If you wonder why Pandas generates the data frame in this way, think about what rows and columns represent. A row in a data frame is an observation or data point. The columns represent features or attributes that explain the observations (i.e. rows).

Consider we have a data frame of used cars. There are 4 columns which contain the following information:

  • Year
  • Brand
  • Mileage
  • Price

Each row in the data frame represents a car. In case of the nested lists, each nested list represents a car so they constitute the rows, not the columns. It is like recording the features of a car in a list and then combine each list in a bigger list.

When using nested lists, Pandas assigns integers as column names by default. However, we can customize the column names using the columns parameter.

df = pd.DataFrame(list_b, columns=['col_a', 'col_b', 'col_c'])
df – a data frame with 3 columns and 4 rows

Pandas provides the from_records function that can be used to create a data frame with nested lists.

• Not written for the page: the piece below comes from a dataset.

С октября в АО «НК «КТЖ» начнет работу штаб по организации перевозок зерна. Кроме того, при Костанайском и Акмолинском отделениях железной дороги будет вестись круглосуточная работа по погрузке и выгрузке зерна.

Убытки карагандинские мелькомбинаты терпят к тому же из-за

It offers more functionality than the DataFrame function. Here is how the from_records function is used:

df = pd.DataFrame.from_records(list_b)
df – a data frame with 3 columns and 4 rows

A highly useful parameter of the from_records function is the exclude parameter. It allows for excluding items in the nested lists from using in the data frame. If we want to exclude the second items and create a data frame using only the first and third items, we pass 1 to the exclude parameter.

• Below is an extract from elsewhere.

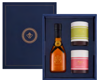
26-01-4902 Florian × MELISSA 桂梨花蜜禮盒 售價 1,720 元 初登場 (全素)

· MELISSA 木質龍眼蜜 420g、蜂蜜巧克力片 5g×10 入、 桂馥潤梨百合飲 7g×6 入 · 外袋尺寸：27.5×22.5×8cm · 保存期限：常溫保存 6 個月 Florian×MELISSA 龍眼蜜溫潤，蜂蜜巧克力香滑， 桂梨百合飲暖喉，一盒花蜜系午後。

df = pd.DataFrame.from_records(list_b, exclude=[1])
df – a data frame with 2 columns and 3 rows

It is a useful parameter because we may not always need all of the features. Pandas provides the drop function for removing a column or multiple columns from a data frame but it is more practical not to read the redundant or unnecessary columns at the beginning.

The from_records function has the columns parameter to customize the columns names as well. Please keep in mind that if you change the column names and want to exclude a column or multiple columns, you should pass the new column names to the exclude parameter.

We can also use a list of tuples or a mixture of tuples, lists, and other iterables. We can even use a string as a nested item. Both the DataFrame and from_records functions accept these structures and create a data frame as long as the nested items have the same length.

list_c = [
          (100, 'A', 22.3),
          (200, 'D', 34.1),
          [500, 'D', 18.5],
          'abc'
]

The list_c consists of 2 tuples, 1 list, and 1 string. The ‘abc’ string is regarded as an utterable so it acts like a list of 3 items which are a, b, and c. We can pass this list to the DataFrame function just as before.

df = pd.DataFrame(list_c)
df – a data frame with 3 columns and 4 rows

We have done several examples to demonstrate how lists can be used to create a Pandas data frame. A list can represent a column or a row depending on our approach. In both ways, lists serve as a highly practical method of creating data frames.